What’s your routine for preparing an application packet? How much time do you spend on it?

Depends on whether it is a library assistant or librarian position. The cover letter takes the longest since the information changes depending on the job.

Have you ever stretched the truth, exaggerated, or lied on your resume, or at some other point during the hiring process?

√ No

When would you like employers to contact you?

√ To acknowledge my application
√ To follow-up after an interview
√ Once the position has been filled, even if it’s not me

How do you prefer to communicate with potential employers?

√ Phone for good news, email for bad news

Which events during the interview/visit are most important to your assessment of the position (i.e. deciding if you want the job)?

√ Tour of facility
√ Meeting department members/potential co-workers

What do you think employers should do to get the best candidates to apply?
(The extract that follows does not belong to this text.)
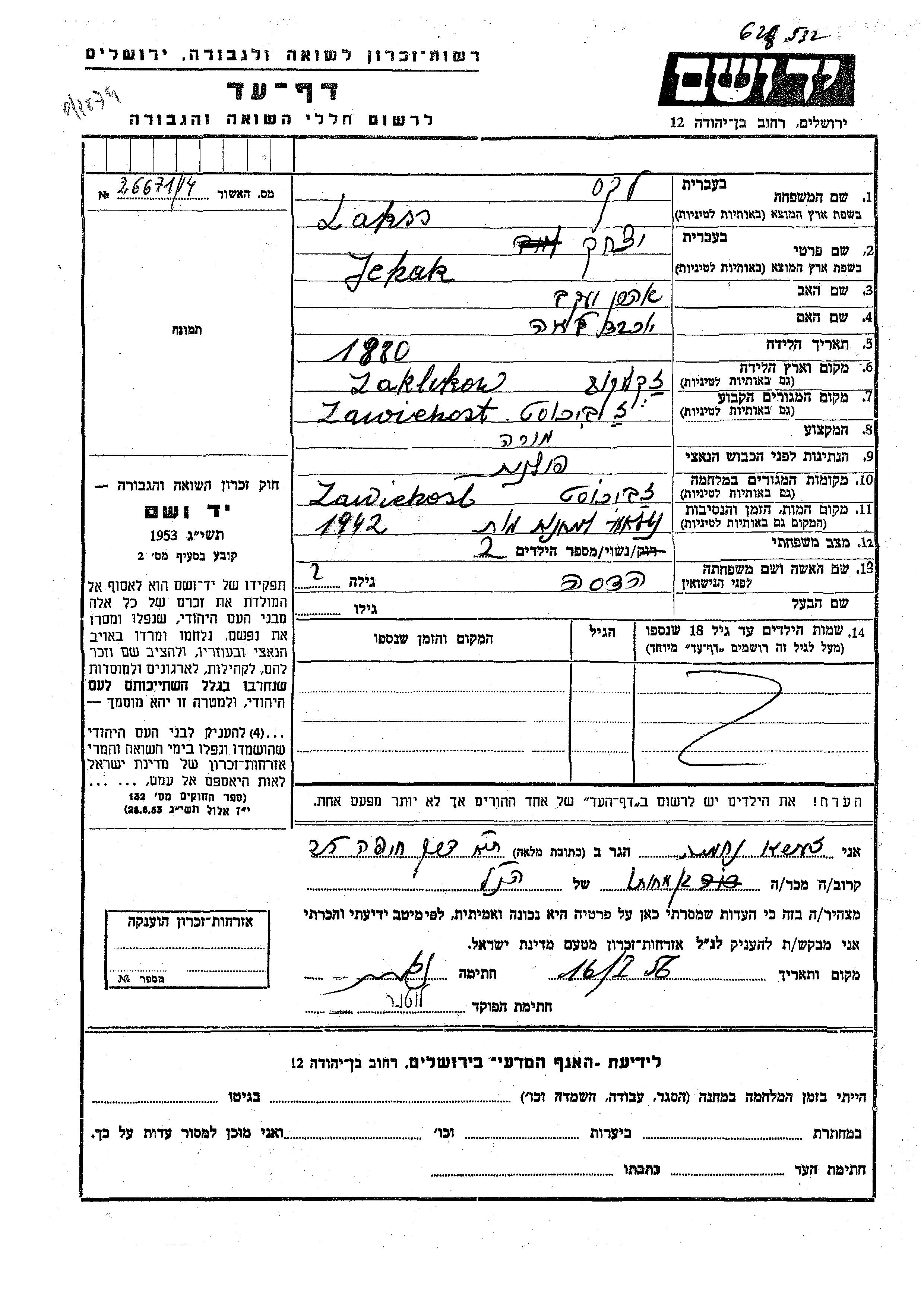 Ichak Lakss nació en Zaklikow, Polonia en 1880, hijo de Aharon Yaakov y Yokheved Lea. Era Maestro y Casado con Hadasa. Antes de la segunda guerra mundial vivía en Zawichost, Polonia. Durante la guerra estuvo en Zawichost, Polonia.
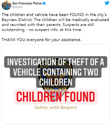 据《华盛顿邮报》报道,旧金山警方在接到报案后即刻发布了安伯警报。在警方和市民的共同努力下,几个小时后,孩子和车全被找到了:孩子安然无恙,车也一点剐蹭也没有——据媒体报道,车上的两个孩子在被“绑架”期间全程都在睡觉,一睁眼就看到自己被警察叔叔围了严严实实……

Not be so picky! With such a surplus of candidates, I often feel as if libraries are looking for “a candidate that doesn’t exist.” (This comment appeared on another blog..I can’t take credit for it, but it’s good.) Another issue: most library positions are only part-time and many people have other responsibilities, but libraries expect the candidate to be 100% available. Not being willing to work with a candidate’s other job eliminates many good people, I feel, and libraries may end up with employees who (for whatever reason) ARE 100% available…but they might not be the best option.

What should employers do to make the hiring process less painful?

For part-time positions, please post the actual days and times of the job, not some generic statement like “may require evening and/or weekend hours.” That could be anything! I don’t know anyone who is totally available every single day of the week. People do have children, other jobs, classes that they are taking, etc.

What do you think is the secret to getting hired?

Being young. I’m sorry, but there is definitely age discrimination out there and it seems as if the 30-and-under crowd are the ones getting hired.

For some context, take a look at the most recently published summary of responses.

Are you hunting for a new LIS job? Take the survey! http://tinyurl.com/hiringlibJOBHUNTERsurvey

This survey was co-authored by Naomi House from I Need A Library Job – Do you need one?  Check it out!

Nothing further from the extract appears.